Statistics Seminar: STA 290
Thursday, January 17th, 2013 at 4.10pm, MSB 1147 (Colloquium Room)
Refreshments 3:30pm, prior to seminar in MSB 4110 (Statistics Lounge)
Speaker: Kevin Murphy, Google Inc.
Title: "Probabilistic Models for Learning from Big, Complex Data"
Abstract: There is currently much discussion in the media about 'big data'. Progress has been made in devising methods that can predict a single response variable given millions of possible input variables. However, in some settings (such as image tagging, text analysis, or biosequence analysis), we want to predict multiple output variables at the same time. This requires the use of multivariate statistical models, that capture the correlation between the multiple outputs.

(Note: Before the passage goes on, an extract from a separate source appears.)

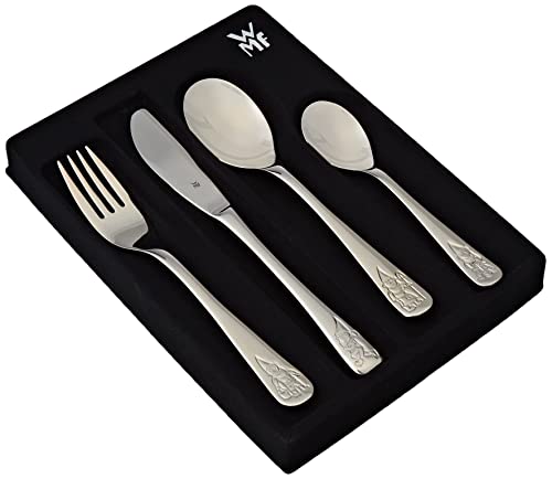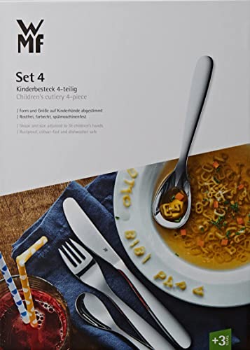Einzelheiten: Produktbeschreibung Mit dem Kinderbesteck von WMF lernen die Kleinen spielerisch, mit Messer, Löffel und Gabel umzugehen. Mehr als 125 Jahre Erfahrung stecken in den kindgerechten Besteckteilen aus rostfreiem Edelstahl, die außerdem mit liebevoll gestalteten Motiven und farbigen Bildern begeistern. Das 4-teilige WMF Kinderbesteck, bestehend aus einem Kindermesser, einem großen und kleinen Kinderlöffel sowie einer Kindergabel, zeichnet sich durch ein kindgerechtes Design aus, das die Fähigkeit zum selbständigen Essen verbessert und gleichzeitig für Spaß beim täglichen Essen sorgt. Die Kinderbesteckset sind in entsprechende Altergruppen eingestuft, dieses eignet sich für Kinder ab 3 Jahren. Die Größe und Form dieser Kinderbesteckteile machen dieses Set zum perfekten Erstbesteck für absolute Sicherheit und die Entwicklung der Feinmotorik. Die Größen der Besteckteile und die kräftigen Stiele eignen sich besonders für kleine Hände und die kindliche Motorik. Die Messer haben einen leichten Wellenschliff. Der Laffenrand des Löffels hat abgerundete Kanten, und die kurzen stumpfen Zinken der Kindergabel passen sich kleinen Kindermündern an. Die Besteckteile aus Cromargan Edelstahl Rostfrei 18/10 sind langlebig und können in der Spülmaschine gereinigt werden. Spülmaschinenfestes und säurebeständiges Cromargan garantiert vollen Geschmack, außergewöhnliche Haltbarkeit und eine elegante Ästhetik. Das 4-teilige Kinderbesteck wird in einer hochwertigen Faltschachtel mit Klappdeckel geliefert.HINWEIS: Das Kinderbesteck wird in einer hochwertigen Geschenkkarton mit allgemeiner Abbildung geliefert. Es wird nicht das innenliegende Besteck abgebildet! Verpackung erst öffnen und Inhalt prüfen! Markenbeschreibung Seit über 160 Jahren lebt die Marke WMF eine starke Tradition. Sie ist international präsent, setzt Maßstäbe und wirkt mit zahlreichen Innovationen im Markt als wichtiger Impulsgeber. Sie begleitet Genießer durch den Alltag mit qualitativ hochwertigen, funktionalen und formschönen Produkten rund um Tisch und Küche, die einem hohen Designanspruch genügen. Produktbeschreibung des Herstellers Wir bieten Ihrem Kind in jeder Phase des Groß-Werdens das Besteck, das in Größe und Proportionen zu ihm passt. Schon bei der Produktentwicklung berücksichtigen wir die Fähigkeiten, die Ihr Kind in seiner Altersstufe hat. Deshalb sind WMF Baby- und Kinderbestecke auf die motorischen, geistigen sowie emotionalen Phasen abgestimmt, vom Säugling bis zum Schulkind. Rechtliche Hinweise Kein rechtlicher Hinweis Set enthält: Kinder Besteck Set: 1x Kinder-Gabel, 1x Kinder-Messer, 1x Kinder-Löffel, 1x kleiner Löffel (Länge 16,5/18,5/16,5/13 cm) in Geschenkkarton

In this talk, I will give an overview of some methods I have developed to tackle these kinds of problems. The first approach is based on graphical models; the main challenge is how to efficiently learn the graph structure (which explicitly captures the correlations between the outputs) from data. The second approach is based on latent variable models; the main challenge is how to efficiently infer the latent factors (which implicitly capture the correlations between the outputs) given the observed data. In the last part of the talk, I will briefly present some recent work I have just started doing at Google where the variables we are trying to predict represent edges in a giant 'Knowledge Graph' (this is a probabilistic extension of the semantic web). For this, we are investigating prediction techniques based on graphical models and latent variable models.